Come troppo spesso accade, mi trovo ancora una volta a dover comunicare ai cittadini un episodio estremamente spiacevole e potenzialmente molto pericoloso.
Riesco a svolgere questo servizio di attenzione e segnalazione da molti anni, grazie ai "ragazzi" di Uniti per Cassina (una delle più belle realtà locali) e ai tanti cittadini che vedono in noi un megafono credibile, persone che raccolgono istanze e prova a dar loro una forma amministrativa, affinché non restino semplici lamentele ma diventino temi di intervento pubblico.
Preferiamo sempre documentare ciò che sosteniamo. Lo sapete.

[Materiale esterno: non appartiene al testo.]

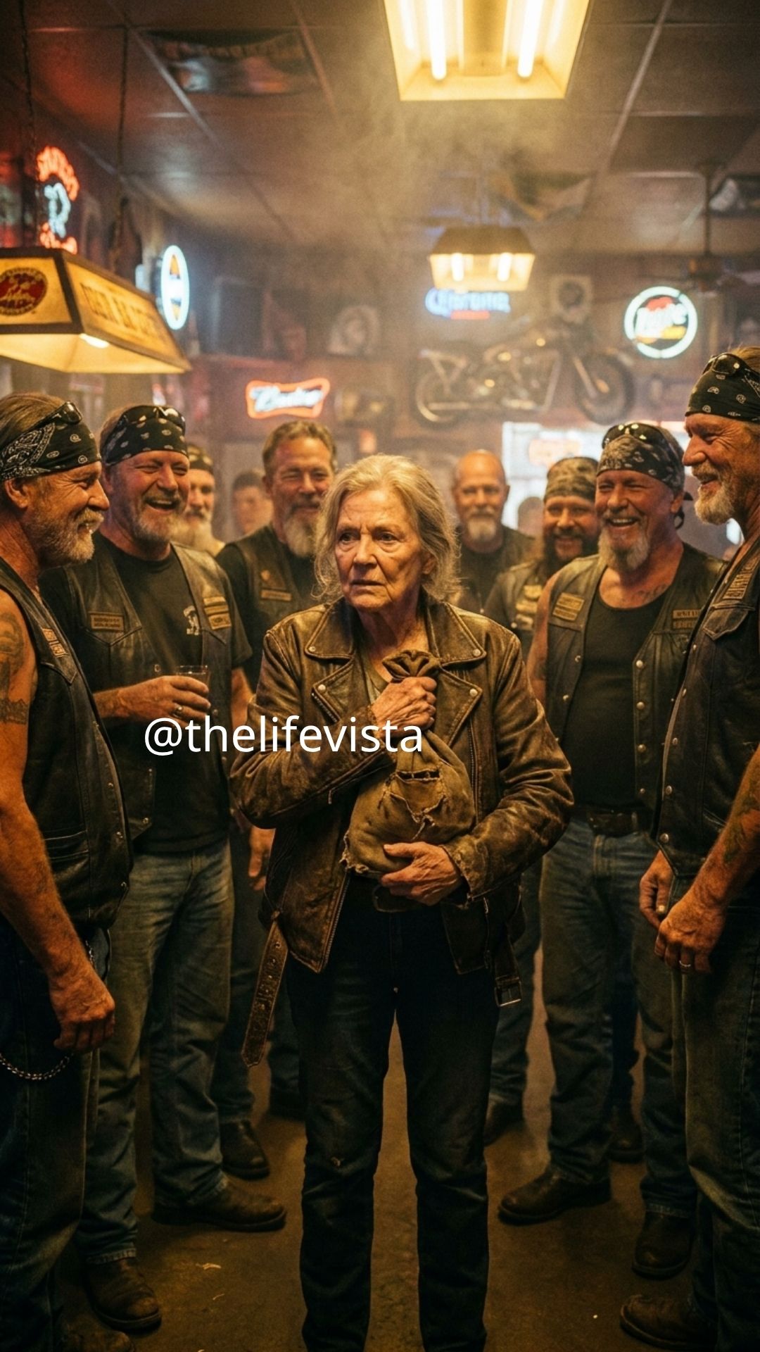 An old woman walked into a biker bar carrying something no one there was ready to see, and within seconds, the atmosphere began to shift in ways the men couldn’t yet explain. At first glance, she looked out of place—small, alone, and far too calm for a room built on noise and intimidation. But before the night was over, she would turn laughter into silence and silence into fear.
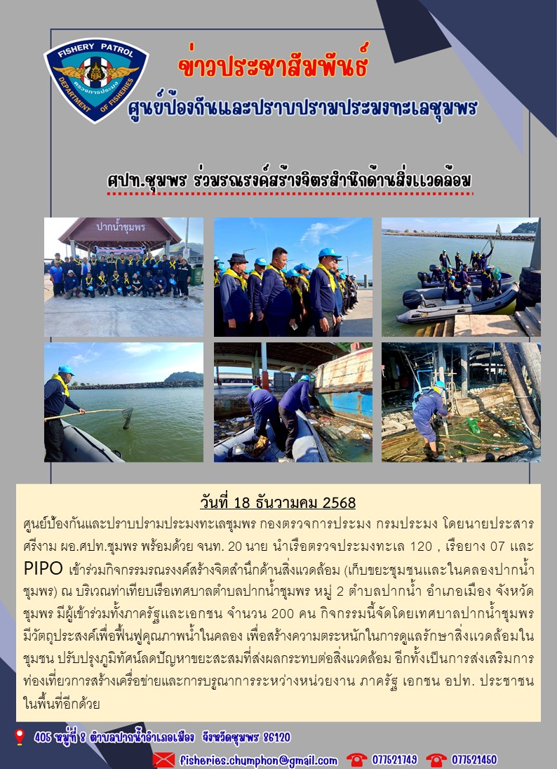วันที่ 18 ธันวาคม 2568 ศูนย์ป้องกันเเละปราบปรามประมงทะเลชุมพร กองตรวจการประมง กรมประมง โดยนายประสาร ศรีงาม ผอ.ศปท.ชุมพร พร้อมด้วย จนท. 20 นาย นำเรือตรวจประมงทะเล 120 , เรือยาง 07 เเละ PIPO เข้าร่วมกิจกรรมรณรงงค์สร้างจิตสำนึกด้านสิ่งเเวดล้อม (เก็บขยะชุมชนเเละในคลองปากน้ำชุมพร) ณ บริเวณท่าเทียบเรือเทศบาลตำบลปากน้ำชุมพร หมู่ 2 ตำบลปากน้ำ อำเภอเมือง จังหวัดชุมพร มีผู้เข้าร่วมทั้งภาครัฐเเละเอกชน จำนวน 200 คน กิจกรรมนี้จัดโดยเทศบาลปากน้ำชุมพร มีวัตถุประสงค์เพื่อฟื้นฟูคุณภาพน้ำในคลอง เพื่อสร้างความตระหนักในการดูเเลรักษาสิ่งเเวดล้อมในชุมชน ปรับปรุงภูมิทัศน์ลดปัญหาขยะสะสมที่ส่งผลกระทบต่อสิ่งเเวดล้อม อีกทั้งเป็นการส่งเสริมการท่องเที่ยวการสร้างเครื่อข่ายเเละการบรูณาการระหว่างหน่วยงาน ภาครัฐ เอกชน อปท. ประชาชนในพื้นที่อีกด้วย
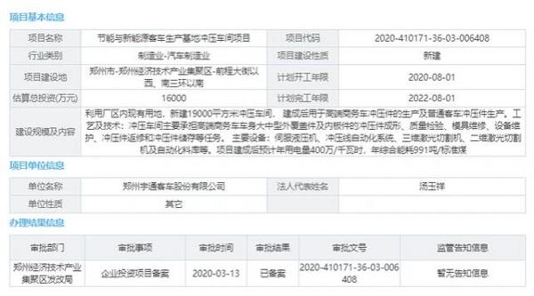 3月13日,據(jù)河南省投資項目在線審批監(jiān)管平臺消息,鄭州宇通客車股份有限公司節(jié)能與新能源客車生產(chǎn)基地沖壓車間項目審批結(jié)果顯示“已備案”。項目估算總投資16000萬元,計劃兩年完工。 據(jù)悉,項目建設(shè)地在鄭州市鄭州經(jīng)濟技術(shù)產(chǎn)業(yè)集聚區(qū)前程大街以西、南三環(huán)以南。2020年8月1日計劃開工,2022年8月1日計劃完工。
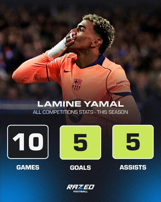 📊 عملکرد لامین یامال در فصل جاری؛ 5 گل و 5 پاس گل در 10 بازی

È stata trovata aperta la porta della torretta all’interno dell’area Nokia Siemens e questo ha consentito a diversi ragazzi di entrare, salire fino in cima ed esporsi a rischi gravissimi.
Alcuni di loro sono stati visti urlare, cantare e festeggiare per l’altezza raggiunta, come se si trattasse di una sfida o di un gioco.
Uno di questi ragazzi si è addirittura seduto nel punto più alto con i piedi penzoloni nel vuoto, in una situazione che avrebbe potuto trasformarsi in tragedia.
La porta lasciata aperta ha chiaramente indotto ragazzini in cerca di emozioni forti (sbagliate, perché estremamente rischiose) ad accedere alla struttura.
Le immagini facilmente reperibili su Google Earth dimostrano che la porta è aperta da molti mesi.
Ovviamente, nessuno si è accorto di niente.
Ritengo che la questione giovanile anche a Cassina de’ Pecchi stia assumendo i contorni di una vera e propria emergenza.
Anche chi nega é una forma di emergenza.
Le istituzioni devono tornare a intervenire con decisione, come è stato fatto in passato attraverso progetti strutturati di politiche giovanili ed educativa di strada, che hanno funzionato e che, sotto diverse amministrazioni di colore politico differente, sono stati progressivamente smantellati negli ultimi anni.
Aver ricoperto il ruolo di assessore alle Politiche Giovanili mi ha permesso di vivere anni straordinari, perché Cassina era capofila di Spazio giovani Martesana arrivó a coordinare iniziative prese come modello e replicate in molte altre realtà italiane, ottenendo diversi riconoscimenti.
Basti pensare che il progetto Spazio Giovani Martesana (SGM) partì con 8 Comuni, arrivò poi a 10 e infine a 24 Comuni, coinvolgendo anche la Città Metropolitana di Milano, sotto la guida dell’allora assessora Cristina Stancari, che scelse di sostenere il progetto e diventare partner, lasciando Cassina de’ Pecchi Comune capofila.
In quel ruolo NON ho “inventato” qualcosa da zero, ma ho rafforzato ed esteso un progetto già esistente, che non solo volli continuare ma venne esteso in territori piu vasti.
Progetti come educativa di strada permettono di:
- intercettare i ragazzi nei luoghi in cui si incontrano spontaneamente;
- creare relazioni di fiducia con educatori qualificati;
- ascoltare bisogni, difficoltà e segnali di disagio;
- prevenire comportamenti a rischio prima che diventino devianze gravi;
- promuovere protagonismo e cittadinanza attiva, attraverso laboratori, sport, cultura e attività creative.
Questo è esattamente ciò che oggi manca.
Alcune aree, Cassina de’ Pecchi compresa, risultano oggi scarsamente coperte da interventi educativi strutturati.
Rafforzare i servizi territoriali significa prevenire violenze, isolamento, consumo di sostanze, e offrire opportunità concrete di crescita sicura ai ragazzi, prima che il disagio esploda in episodi gravi o irreversibili.
I nostri ragazzi hanno bisogno di adulti presenti e attenti, di istituzioni responsabili e di famiglie che collaborino.
Quello che sta accadendo oggi non è casuale.
È il risultato di scelte politiche.
E proprio per questo può – e deve – essere corretto dalla politica.